Synthesis and Electrochemical Performances of γ‐KCoPO4 Nanocrystals as Promising Electrode for Aqueous Supercapatteries.

Herein, discrete γ‐KCoPO4 nanocrystals were prepared by a facile, green and fast sol‐gel route. The lattice parameters as well as positional and displacement parameters of atoms in the average γ‐KCoPO4 structure with a space group of P21/n were calculated using full profile Rietveld refinement. Monodispersed quadrangular γ‐KCoPO4 nanocrystals with improved phase purity and crystallinity were found through XRD patterns and HRTEM images. Subsequently, the prepared γ‐KCoPO4 nanocrystals were tested as electrode material for supercapatteries in aqueous electrolytes. The γ‐KCoPO4 electrode shows superior specific charge capacity of 309 C g−1 at 1 mV s−1 in 1 M KOH, compared to 1 M NaOH (222 C g−1) and 1 M LiOH (77 C g−1). Further, it exhibits improved electrochemical activity by delivering an impressive specific charge capacity of 100 C g−1 at a current of 0.6 mA cm−2 in an aqueous electrolyte medium with acceptable capacity retention. A lab‐scale supercapattery was assembled resembling the commercial device. The fabricated device delivered an enhanced specific energy of 28 W h kg−1 and a specific power of 1600 W kg−1 and prolonged cycle life of about 5000 cycles.

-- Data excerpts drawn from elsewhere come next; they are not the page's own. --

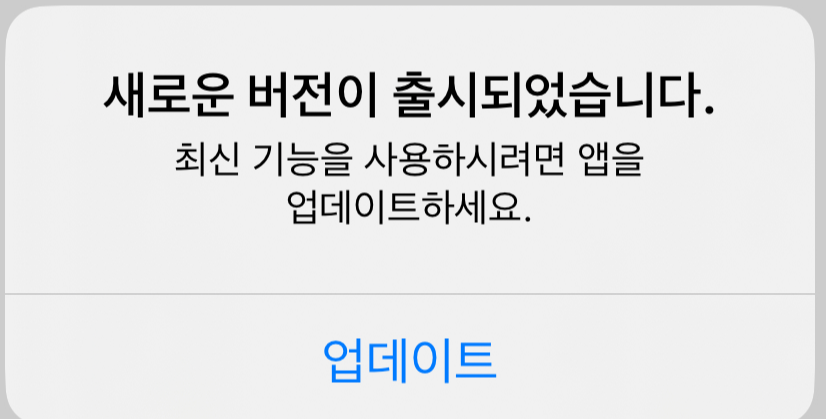 Text("최신 기능을 사용하시려면 앱을 업데이트하세요.")
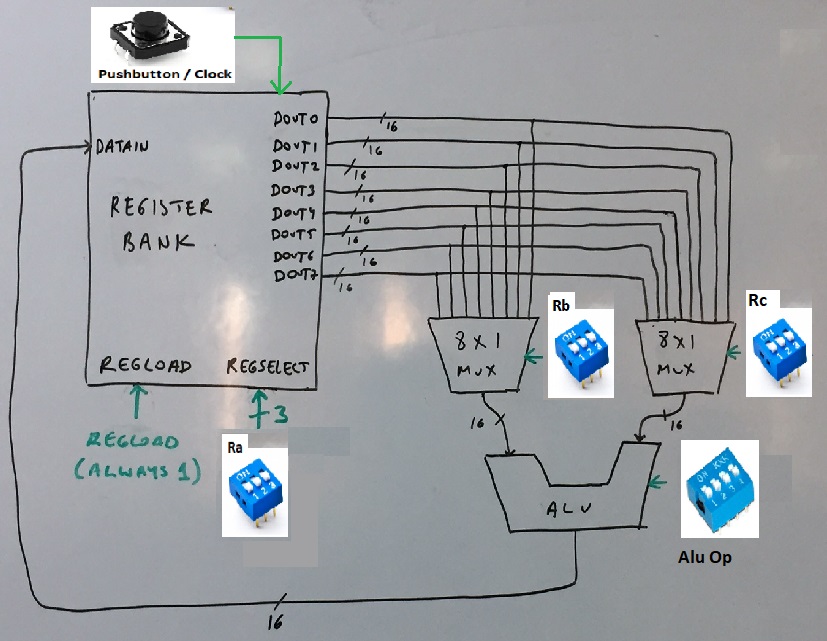 - After all the switches are set as described above, the human operator presses the pushbutton/clock and sends a clock edge to invertebrate. Invertebrate reads the source registers, executes the desired AL operation, and updates the register bank by writing the result back into the target register.
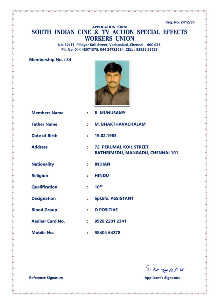 SOUTH INDIAN CINE & TV ACTION SPECIAL EFFECTS WORKERS UNION
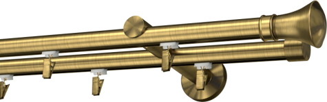 Karnisz podwójny szynowy, mosiądz antyczny Rullo
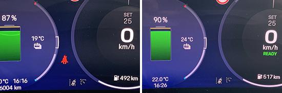 另外,我们还测试了充电效率。实际测量使用快充桩充电 10 几分钟后(波峰用电),电量从 87% 充至 续航里程提高90%。 25公里,与车辆计算机预期的耗时基本一致。

The electrochemical performance of γ‐KCoPO4, one of the polymorphs of KCoPO4 is investigated intending the application in supercapatteries, the most promising contender of the energy storage systems. The electrochemical response of γ‐KCoPO4 polymorph is investigated with a variety of electrolytes, where the electrode unveils a higher specific charge capacity of ∼100 C g−1 in 1 M KOH electrolyte. [ABSTRACT FROM AUTHOR]